"I am launching an accountability review board that will be chaired by Ambassador Thomas Pickering," Clinton told reporters in Washington.
Pickering, a retired diplomat who holds the highest rank in U.S. foreign service, is a former U.S. undersecretary of state who was also ambassador to Russia, India, the United Nations, Israel, El Salvador, Nigeria and Jordan.
Time magazine called him a "five-star general of the diplomatic corps" when he was appointed undersecretary of state in 1997.
The review board is to investigate the Benghazi rocket-propelled grenade attack on the consulate on the 11th anniversary of the Sept. 11, 2001, attacks, including the level of security in place at the time and whether security failures might have contributed to the killings of Stevens and three other State Department officials in the attack, officials said.
The three other officials were computer expert Sean Smith and two former Navy SEALs, Greg Doherty and Tyrone Woods, who were working as consulate security contractors.
The assault was the sixth by militants in Benghazi since April, including a bombing June 6.
The review board's investigation and report will be separate from an FBI probe of the attack, Clinton said.
Clinton spoke before briefing House and Senate lawmakers in separate closed-door sessions on Capitol Hill.
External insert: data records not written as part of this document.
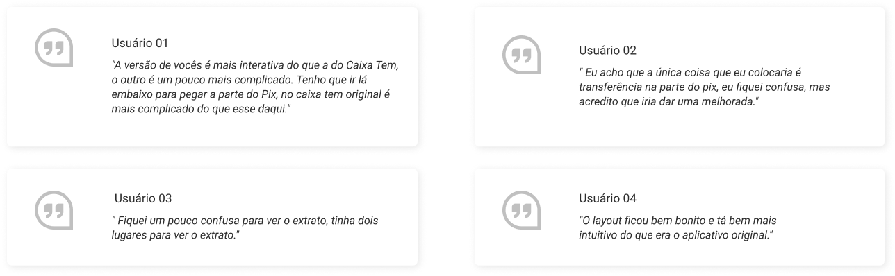 A média do SUS (método de avaliação de usabilidade com 10 perguntas em escala de 1 a 5) foi 96,87, indicando um índice excelente e a máxima eficácia no novo design do aplicativo Caixa Tem.
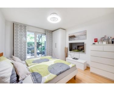 Die Wohnung überzeugt durch einen durchdachten Grundriss: Der helle Wohnbereich öffnet sich zur großzügigen Südwest-Terrasse, die zu entspannten Stunden im Freien einlädt. Zusätzlich steht Ihnen eine zweite Terrasse mit Ostausrichtung zur Verfügung – ideal für ein Frühstück in der Morgensonne, zumal sowohl die Küche als auch das Schlafzimmer direkten Zugang zu dieser Terrasse bieten. Beide Terrassen sind den jeweils zugeordneten Gärten im Sondernutzungsrecht vorgelagert und erweitern den Wohnraum ins Grüne .
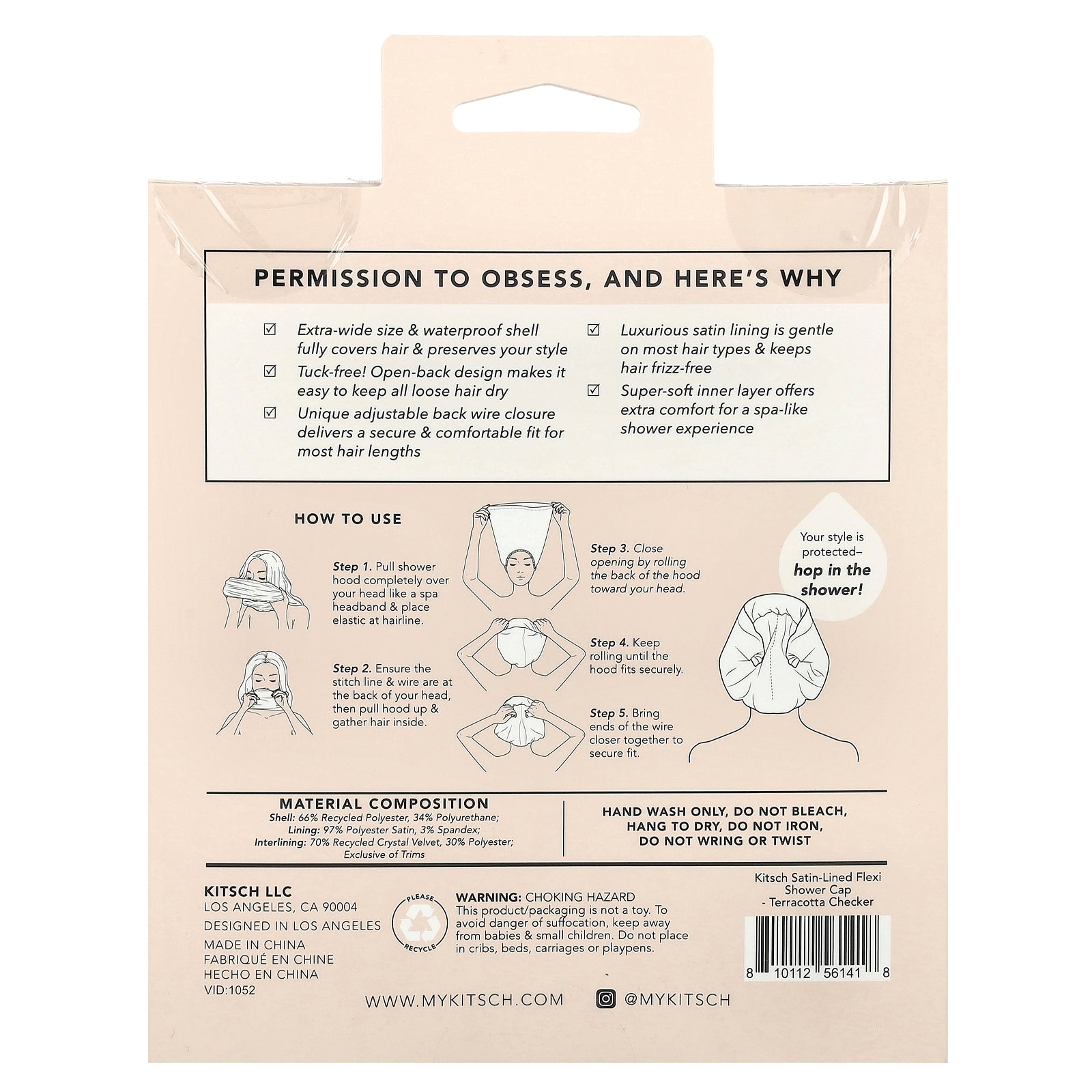 - Tuck-free! Open-back design makes it easy to keep all loose hair dry
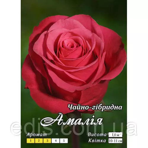 Саджанці чайно-гібридних троянд Амалія (Amalia)Переваги сорту: благородне забарвлення пелюсток та гармонійне додавання бутону, приємний тонкий аромат, тривале цвітіння. Найвигідніше Амалія виглядає в групових посадках по 3-5 кущів.
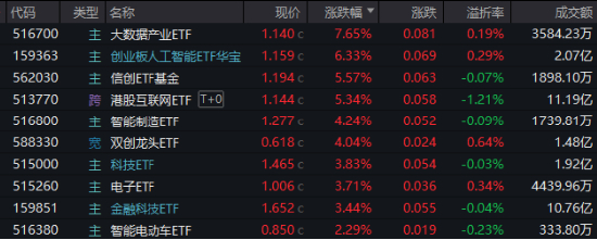 AI算力产业链爆发涨停潮,润泽科技、锐捷网络、光环新网、奥飞数据集体20CM涨停,全市场首只的创业板人工智能ETF华宝(159363)场内劲涨6.33%再创上市新高!聚焦AI数据要素细分机会的大数据产业ETF(516700)场内收涨7.65%,收盘涨幅高居全市场ETF涨幅榜第十一!
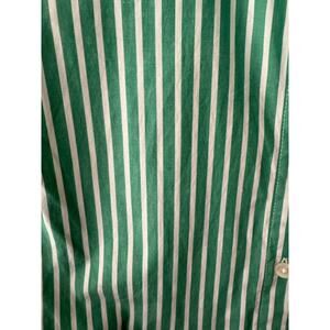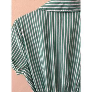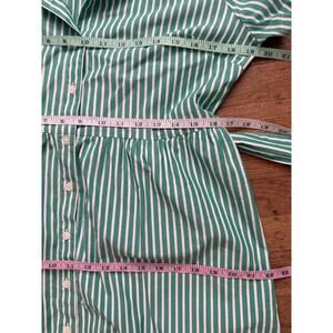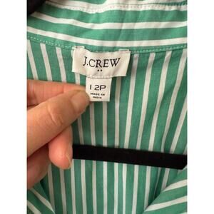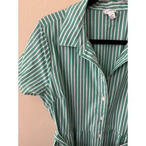 J. Crew green and white striped shirt dress, marked size 12P. Short sleeve, full front button up.
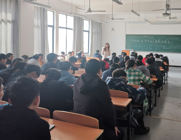 凌寒已至,而本学期十四、五周的期末考试也随着寒潮涌动的初冬一同悄然而至,降临在每一个紧张复习专业课程的城建学子的身旁,在这个期末考试即将来临之际,为了全面贯彻落实安徽建筑大学城市建设学院有关考试的要求,形成良好的诚信之风,促进考风根本好转,端正考试态度以及宏扬学生诚信精神,加强学生们的诚信意识,提高广大城建学子对考试作弊严重性的认识,杜绝考试作弊现象的发生,并为广大学生营造一个公平的竞争环境,让全体学生以积极乐观,诚实守信的态度去面对期末考试;最终达到真正树立优良的学风和校风,顺利完成本学期的期末考试为目的;机械与电气工程系17电子信息工程专业在2019年12月2日下午3点10分于南教学楼404教室举办了主题为“言而有信者,行必果”的诚信考试班会,此次班会由辅导员张懿老师所主持,17电子信息工程专业全体学生参与了此次主题班会。
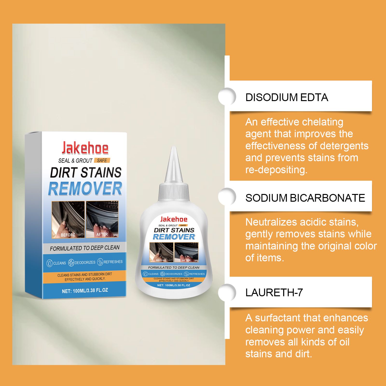 Description: Jakehoe Dirt Stains Remover is a powerful gel-based cleaner formulated with Sodium Hypochlorite, Carbomer, and Triethanolamine. It is specifically designed to effectively remove stubborn stains like grease, dirt, and dust from various surfaces. The gel penetrates deeply into stains and dissolves them, making cleaning effortless. How to Use: Keep the surface dry. Apply the cleaner evenly onto the stained area. Once the stain dissolves, wipe off the residue with a clean cloth. This product is perfect for cleaning a variety of surfaces and restoring their shine, saving you time and effort. This multi-purpose cleaner can be used to remove tough stains and dirt from surfaces such as kitchen counters, floors, tiles, and more, leaving surfaces clean and sparkling. | |
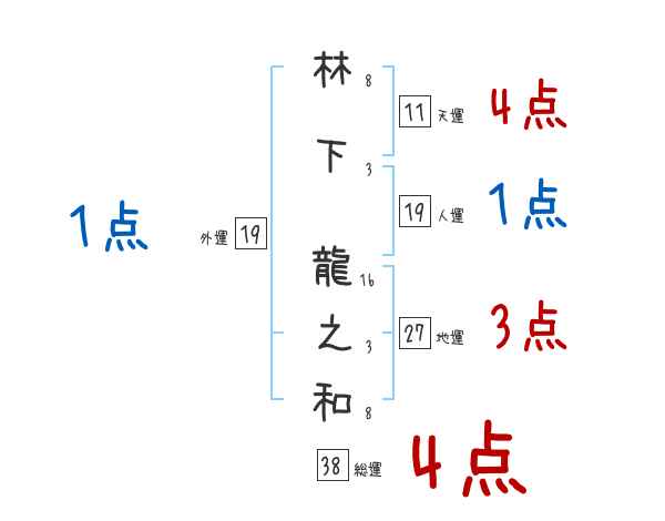 人運![]() | 林下龍之和さんの人運は19画の1つ星!優れた才能を持ちますが、協調性が足りないことも。周りの人と協力する事を意識しましょう。 性格や才能などを表す2番目に重要な運勢です。人間関係や協調性、社会的な成功に影響します。主に20歳から50歳ぐらいまでの中年期の運勢を表します。 |
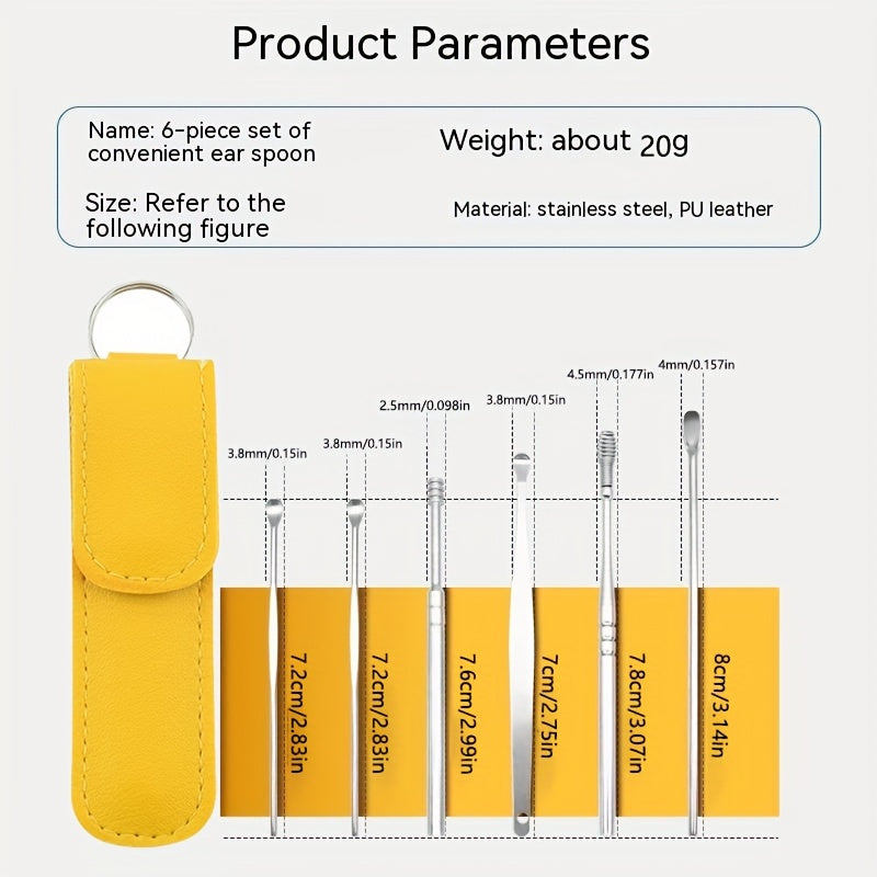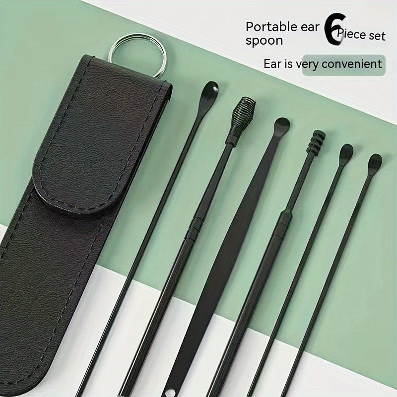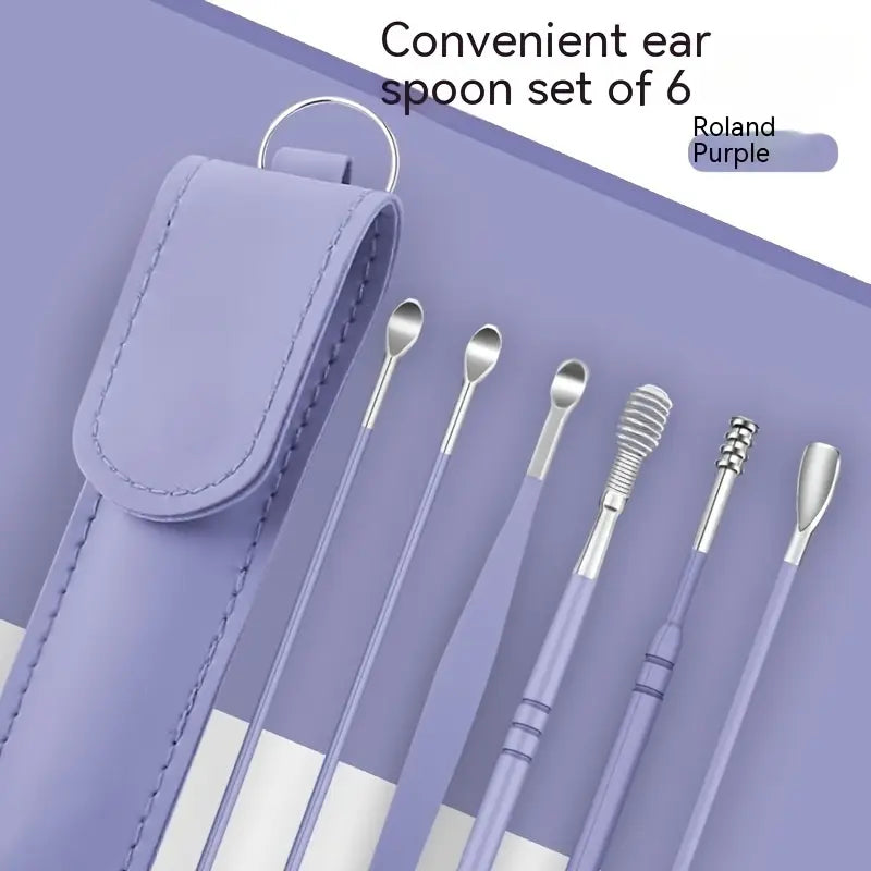 6-Piece Stainless Steel Ear Cleaning Spoons Set for Adults Spiral Design

She was joined by Director of National Intelligence James Clapper and other senior officials.
A House subcommittee chairman separately told Clinton his panel would conduct its own investigation because of discrepancies and uncertainty in the accounting of what happened.
"The universe of known facts ... remains small, and confusion has overshadowed certainty in this matter," Subcommittee on National Security, Homeland Defense and Foreign Operations Chairman Jason Chaffetz, R-Utah, said in a letter to Clinton.
"The American people have a right to know precisely what happened," he said.
He gave Clinton a 5 p.m. EDT Oct. 4 deadline to provide the subcommittee with all classified and unclassified analyses and other assessments of Benghazi consulate security, preliminary FBI findings and other materials, including documents the administration used to make public assertions the attack appeared not to be a long-planned operation but rather a spontaneous assault after word circulated of an Internet video considered offensive to Islam.